You said you'd kick me in the head, where did the leg kick come from?  It's not hard to put someone into a knee bar if you have ahold of their leg.  One hip twist will twist the kicker's leg enough to put them off balance, pushing them will bring them to the ground on their stomach, pulling the leg to your chest and raising your hips against the knee completes the knee bar  ::?: 

I've no doubt that another master could occasionally get a high kick in against me.  You've trained for a year, you're no master.





> btw i agree eye gouge is effective; we learned some in BJJ; now tiger claw is nonsense.
> 
> btw i do have respect for others; but i tend to call people out on there BS



I can tell you're bullshitting and have no idea what you are talking about.  You completely contradicted yourself.  You said that the tiger claw is useless, but an eye gouge is effective.  You're either drunk or have no idea what a tiger claw is.  A tiger claw IS an eye gouge, what the hell did you think it was?





> also there is a wonderful sambo throw that involves catching a high kick, taking the person down and being set up for a knee bar...you simply proved his point more.



Don't know sambo, but it sound very similar to the karate technique that I explained above.

Other styles that involve a similar techniques are ju jitsu, krav maga, pankratia, and kung fu.

----------


## Amethyst Star

> Don't know sambo, but it sound very similar to the karate technique that I explained above.



It's a martial arts style developed by the Soviets who sent out researchers to bring in the best aspects of a number of martial arts.  According to Wikipedia:





> The word _Cambo(Sambo)_ is an acronym of *САМ*озащита *Б*ез *О*ружия (_SAMozashchita Bez Oruzhiya_) meaning "self-defense without weapons" in Russian.

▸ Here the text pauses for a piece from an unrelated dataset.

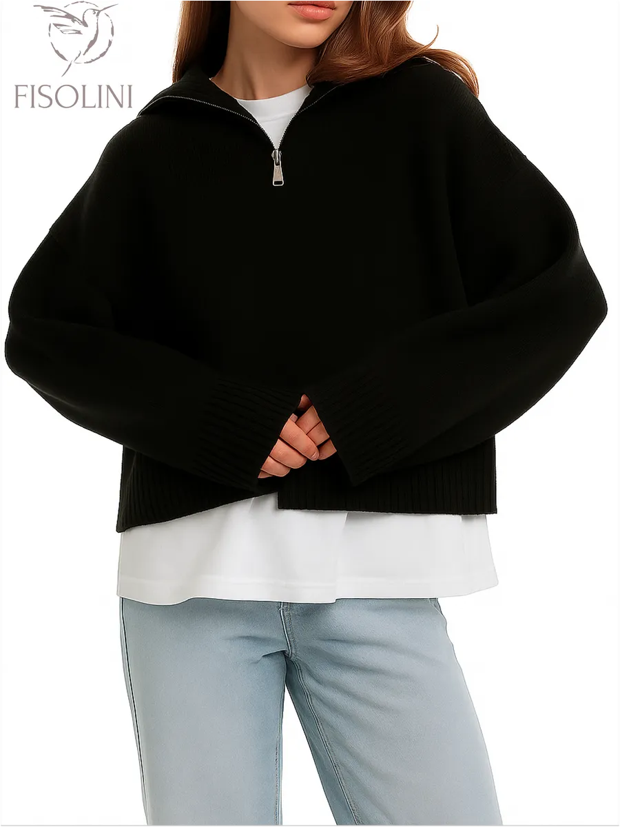 Представляем вам стильный свитер оверсайз с воротником-стойкой на молнии, который станет незаменимой вещью в вашем гардеробе! Этот уютный свитер, выполненный из мягкой и приятной к телу пряжи, подарит вам тепло и комфорт в прохладные весенние дни. Модель удлиненного кроя с однотонным дизайном в актуальных цветах, идеально подойдет как для повседневной носки, так и для офиса. Его свободный крой и большой размер создает ощущение легкости и комфорта, а мягкая фактура материала нежно обволакивает тело. Благодаря молнии вы легко сможете регулировать температуру и адаптировать свитер к любым погодным условиям. Этот свитер станет прекрасным дополнением к любому образу, оссобенно для беременных. Весной этот джемпер станет незаменимым элементом вашего стиля, создавая уютные и модные образы в школу подросткам.

Sambo has its roots in Chinese Shuaijiao, Japanese judo and traditional folk styles of wrestling such as Armenian Koch, Georgian Chidaoba, Moldovan Trîntǎ, Uzbek Kurash, Mongolian Khapsagay and Azerbaijani Gulesh.

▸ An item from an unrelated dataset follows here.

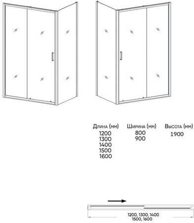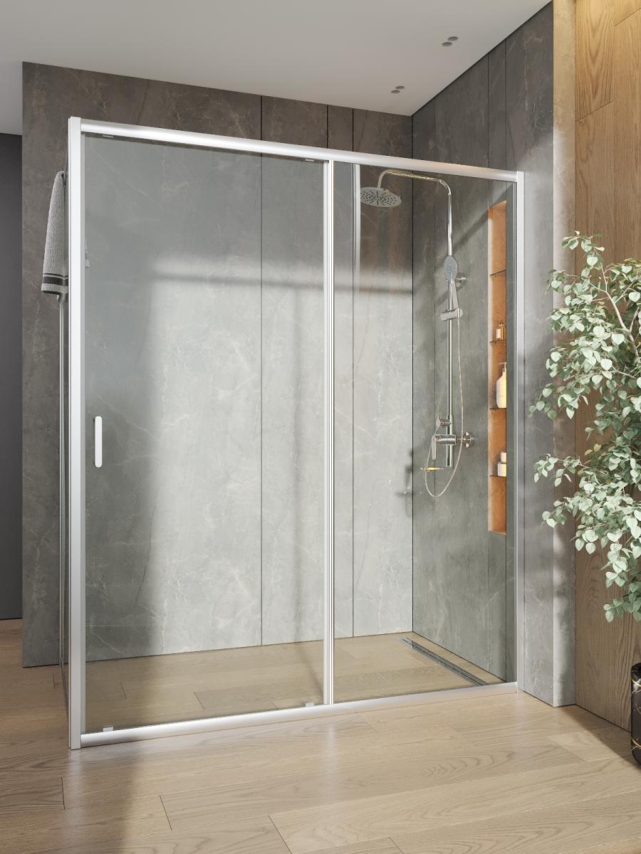 Душевой уголок без поддона с раздвижной дверкой. Закалённые прозрачные стекла толщиной 6 мм, у боковой перегородки 5 мм. Двойной регулируемый по ширине алюминиевый хромированный профиль. Двойные ролики.

There are three varieties: sport, self-defense (civilian), and combat (military).

There are some videos out there demonstrating Sambo if you wanted to take a look.  I'd like to study it some day if I ever get the chance.

----------


## ninja9578

Oh, sounds cool.

----------


## theSheep

> And as I stated, what happens when you're in such a confined space that the throws and pins of judo are impossible to use? When kicks are impossible amd you are only limited to elbow strikes, knee strikes, and headbutts? Judo does not teach strikes, and whilst I'm sure a practitioner would have a greater understanding of how to generate force, they are not trained to use elbow strikes.
> 
> If you were attacked in a very cramped alley, what are you going to say? "Excuse me sir, but can we go somewhere more open where I can make use of my Judo training to defend myself?". I'm not denying Judo is effective, the fact that many martial arts take the techniques and reuse them is testament to this. But Judo by it's nature limits what you can do, and this means that there are real world conditions under which you will be helpless, or otherwise at a disadvantage.
> 
> Do you see my point now about Judo being limiting by it's nature? If you invest all your training in learning a move, or type of move which (under certain real world conditions) you cannot use, then if you are ever in a position where you need to defend yourself and only have these techniques available, you will be unable to use your martial art to defend yourself. In the same way that if you only knew striking attacks and came up against an armoured opponent such as a samurai (which is why Judo was invented if my memory serves me), you would be helpless.
> 
> (And I do appreciate Judo is a sport and there are other martial arts out there which are not, but we're talking self defense here)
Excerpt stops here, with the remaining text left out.